### PROBLEM DESCRIPTION:
Starting at the line containing "Bộ trưởng Tô" and ending at the line containing "11.46 = 429", transcribe the listing below exactly. Keep both end lines, skip the pictures, and copy nothing else.

### INPUT MATERIAL:
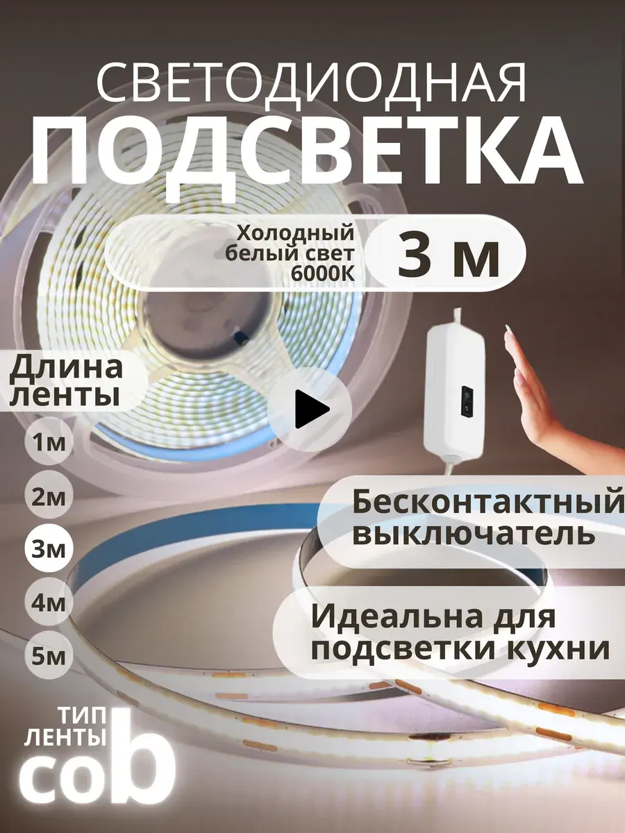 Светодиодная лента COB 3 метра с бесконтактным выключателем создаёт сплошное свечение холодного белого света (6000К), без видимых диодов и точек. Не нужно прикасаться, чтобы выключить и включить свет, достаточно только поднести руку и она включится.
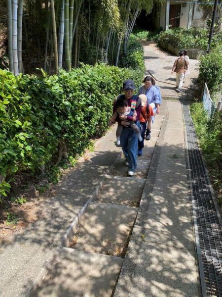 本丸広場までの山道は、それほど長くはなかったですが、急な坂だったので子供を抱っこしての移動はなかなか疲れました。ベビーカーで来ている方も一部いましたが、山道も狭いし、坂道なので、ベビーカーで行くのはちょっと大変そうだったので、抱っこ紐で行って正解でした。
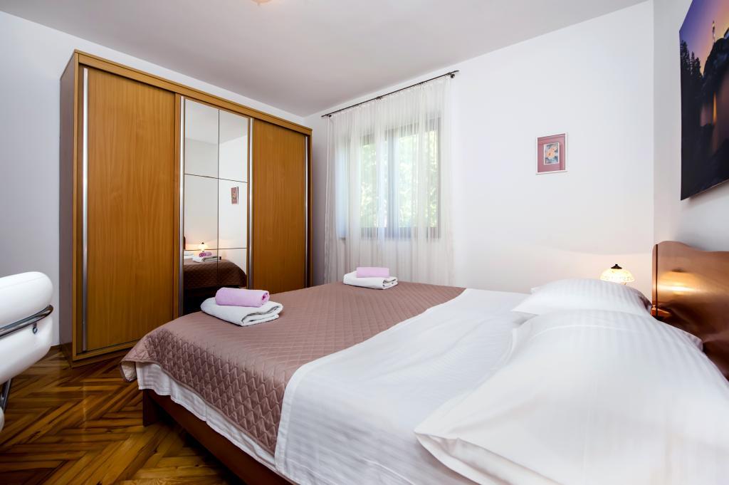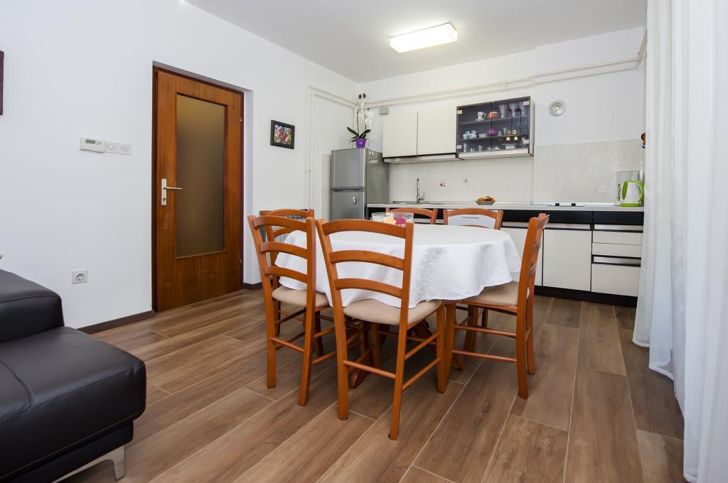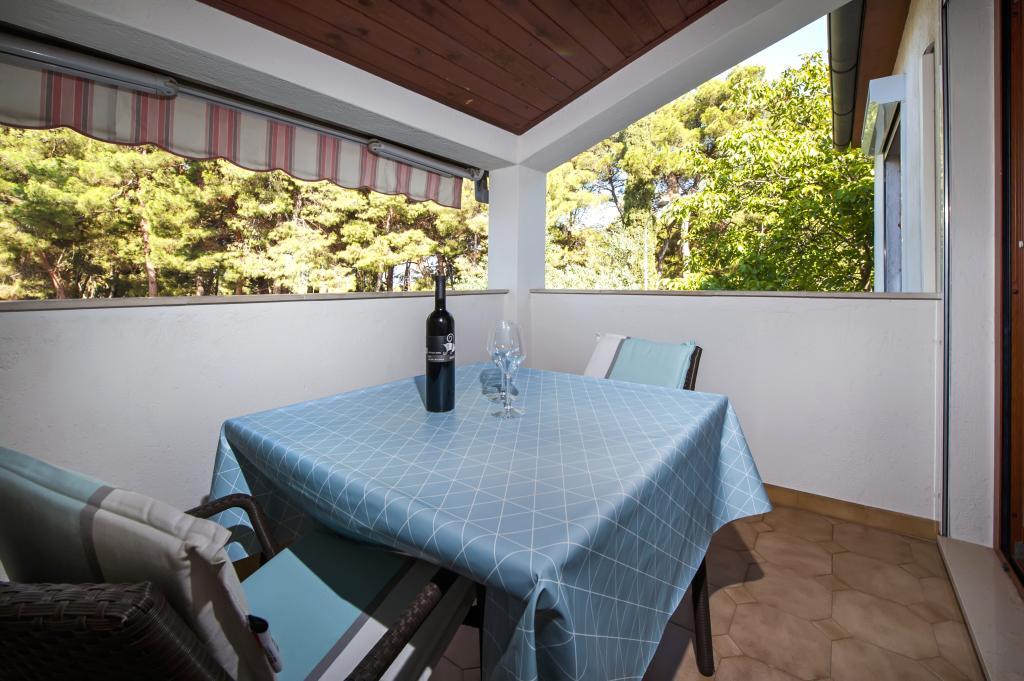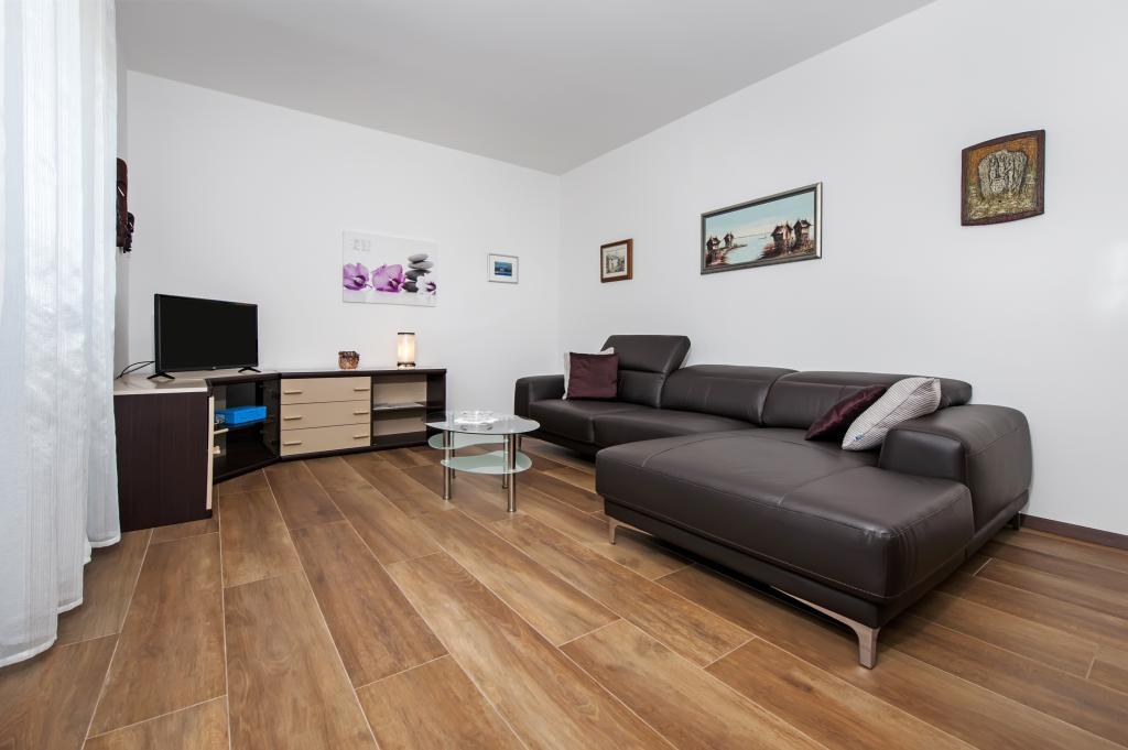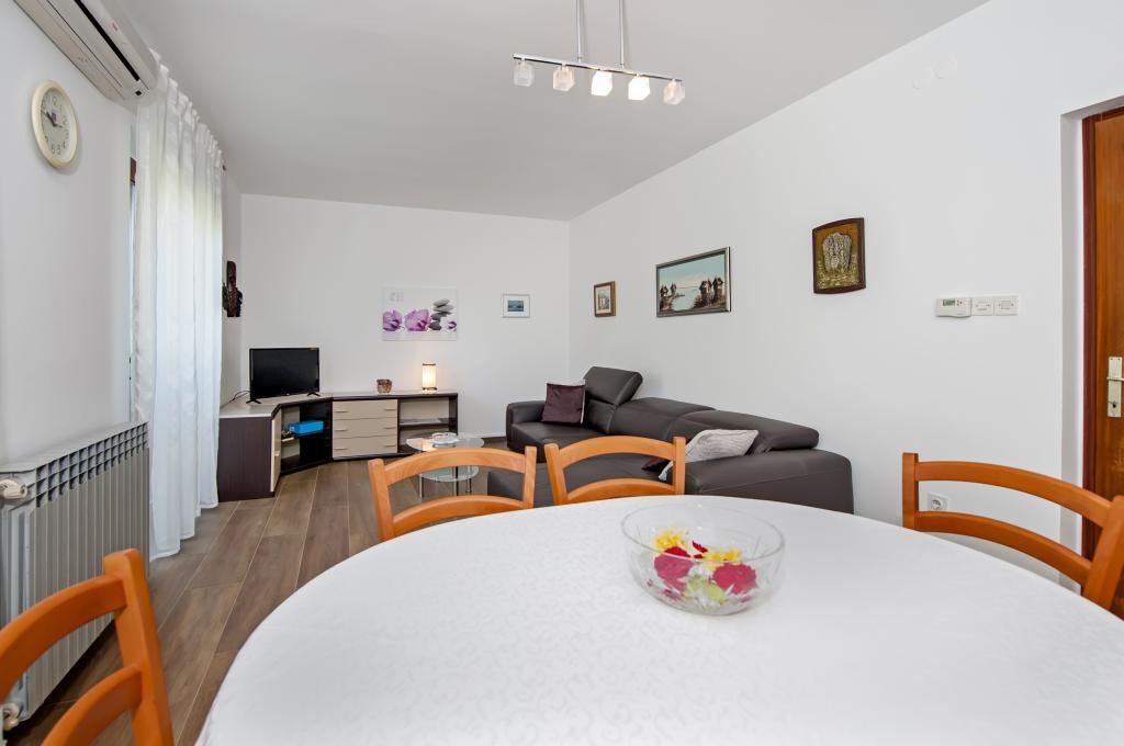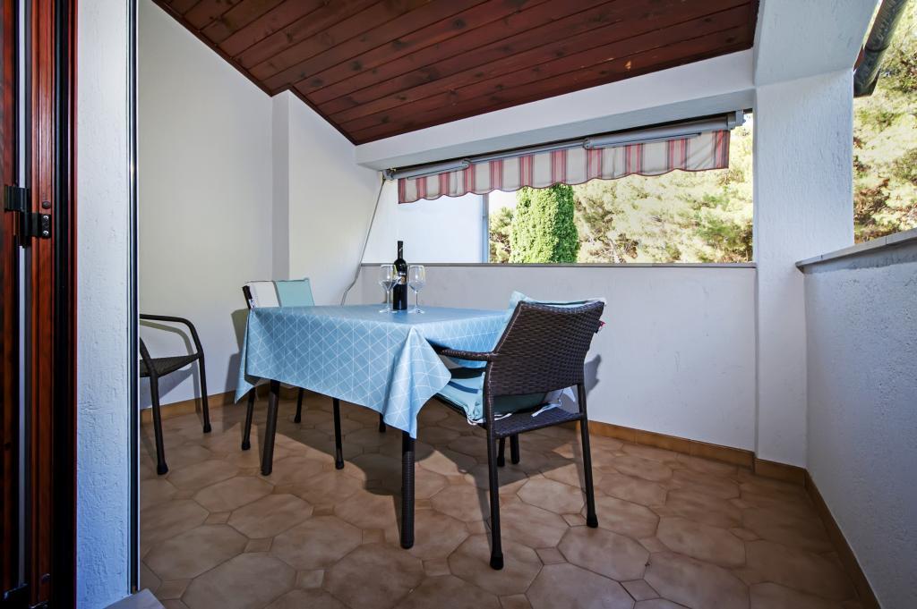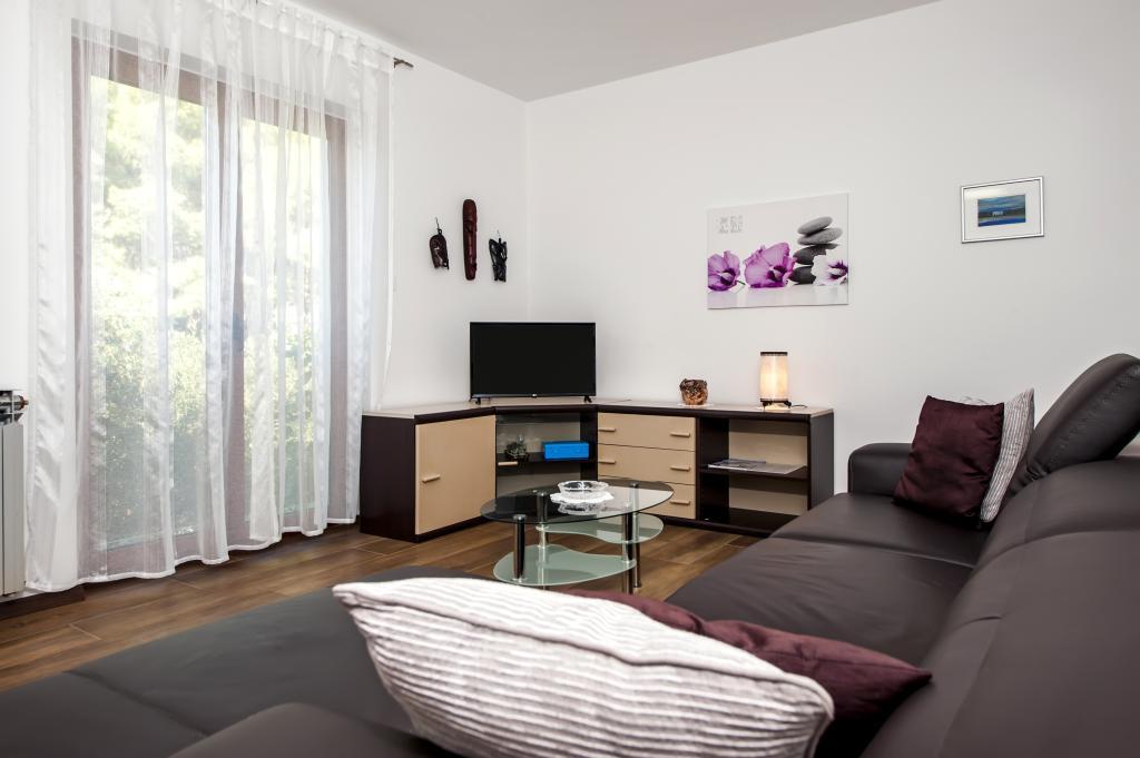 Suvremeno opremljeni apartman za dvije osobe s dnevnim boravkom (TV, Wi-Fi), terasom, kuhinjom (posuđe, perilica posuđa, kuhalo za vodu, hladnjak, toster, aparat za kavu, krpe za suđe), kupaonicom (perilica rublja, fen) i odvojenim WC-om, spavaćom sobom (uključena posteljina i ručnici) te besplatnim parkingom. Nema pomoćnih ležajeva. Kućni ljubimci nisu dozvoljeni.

* * *

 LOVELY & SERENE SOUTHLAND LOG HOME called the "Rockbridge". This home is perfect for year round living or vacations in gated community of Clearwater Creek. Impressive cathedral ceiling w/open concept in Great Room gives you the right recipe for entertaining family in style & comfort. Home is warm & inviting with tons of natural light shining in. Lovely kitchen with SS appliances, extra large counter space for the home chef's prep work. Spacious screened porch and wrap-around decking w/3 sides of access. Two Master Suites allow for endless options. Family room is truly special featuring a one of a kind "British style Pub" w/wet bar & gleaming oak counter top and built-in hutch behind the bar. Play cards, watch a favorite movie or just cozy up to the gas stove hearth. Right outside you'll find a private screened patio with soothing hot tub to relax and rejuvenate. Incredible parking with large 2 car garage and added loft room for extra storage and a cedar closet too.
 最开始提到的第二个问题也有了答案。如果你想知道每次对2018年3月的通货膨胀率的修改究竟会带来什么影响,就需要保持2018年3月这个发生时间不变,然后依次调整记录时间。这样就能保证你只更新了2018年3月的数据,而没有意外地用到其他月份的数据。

* * *

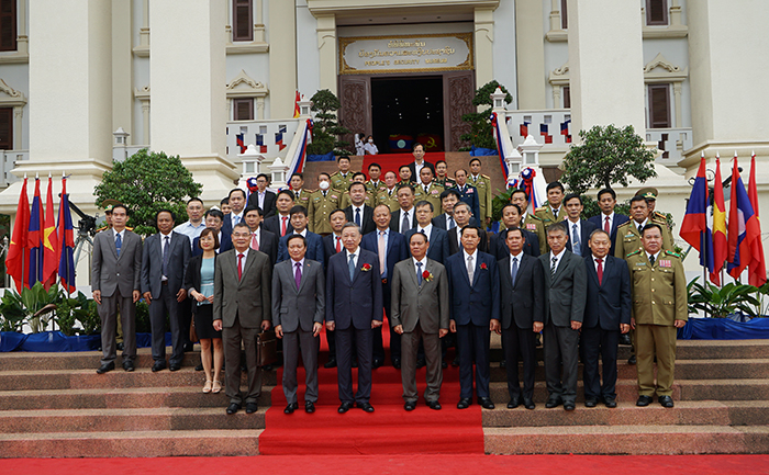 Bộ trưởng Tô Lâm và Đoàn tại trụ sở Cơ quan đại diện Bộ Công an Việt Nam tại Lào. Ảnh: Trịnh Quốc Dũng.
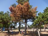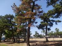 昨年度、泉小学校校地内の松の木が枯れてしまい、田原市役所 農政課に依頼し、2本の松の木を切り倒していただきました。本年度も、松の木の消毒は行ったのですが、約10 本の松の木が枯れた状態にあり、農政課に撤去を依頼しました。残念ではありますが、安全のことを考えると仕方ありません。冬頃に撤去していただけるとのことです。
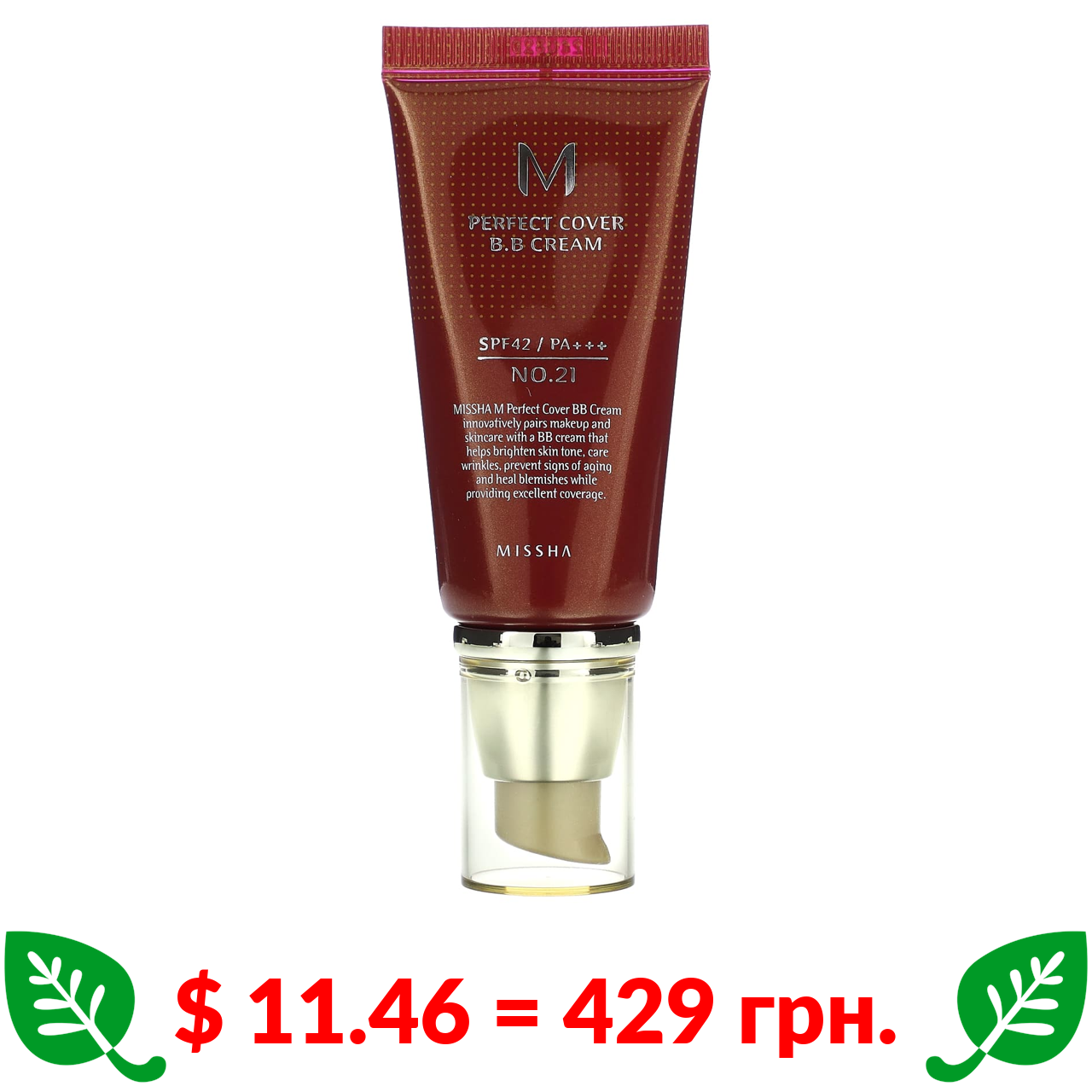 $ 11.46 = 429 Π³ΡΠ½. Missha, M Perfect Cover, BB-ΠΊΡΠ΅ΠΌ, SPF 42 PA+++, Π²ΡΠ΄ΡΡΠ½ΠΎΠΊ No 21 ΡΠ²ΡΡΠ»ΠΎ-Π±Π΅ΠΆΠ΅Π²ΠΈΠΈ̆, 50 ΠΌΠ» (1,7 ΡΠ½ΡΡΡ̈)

### TASK ANSWER:
 Bộ trưởng Tô Lâm và Đoàn tại trụ sở Cơ quan đại diện Bộ Công an Việt Nam tại Lào. Ảnh: Trịnh Quốc Dũng.
 昨年度、泉小学校校地内の松の木が枯れてしまい、田原市役所 農政課に依頼し、2本の松の木を切り倒していただきました。本年度も、松の木の消毒は行ったのですが、約10 本の松の木が枯れた状態にあり、農政課に撤去を依頼しました。残念ではありますが、安全のことを考えると仕方ありません。冬頃に撤去していただけるとのことです。
 $ 11.46 = 429 Π³ΡΠ½. Missha, M Perfect Cover, BB-ΠΊΡΠ΅ΠΌ, SPF 42 PA+++, Π²ΡΠ΄ΡΡΠ½ΠΎΠΊ No 21 ΡΠ²ΡΡΠ»ΠΎ-Π±Π΅ΠΆΠ΅Π²ΠΈΠΈ̆, 50 ΠΌΠ» (1,7 ΡΠ½ΡΡΡ̈)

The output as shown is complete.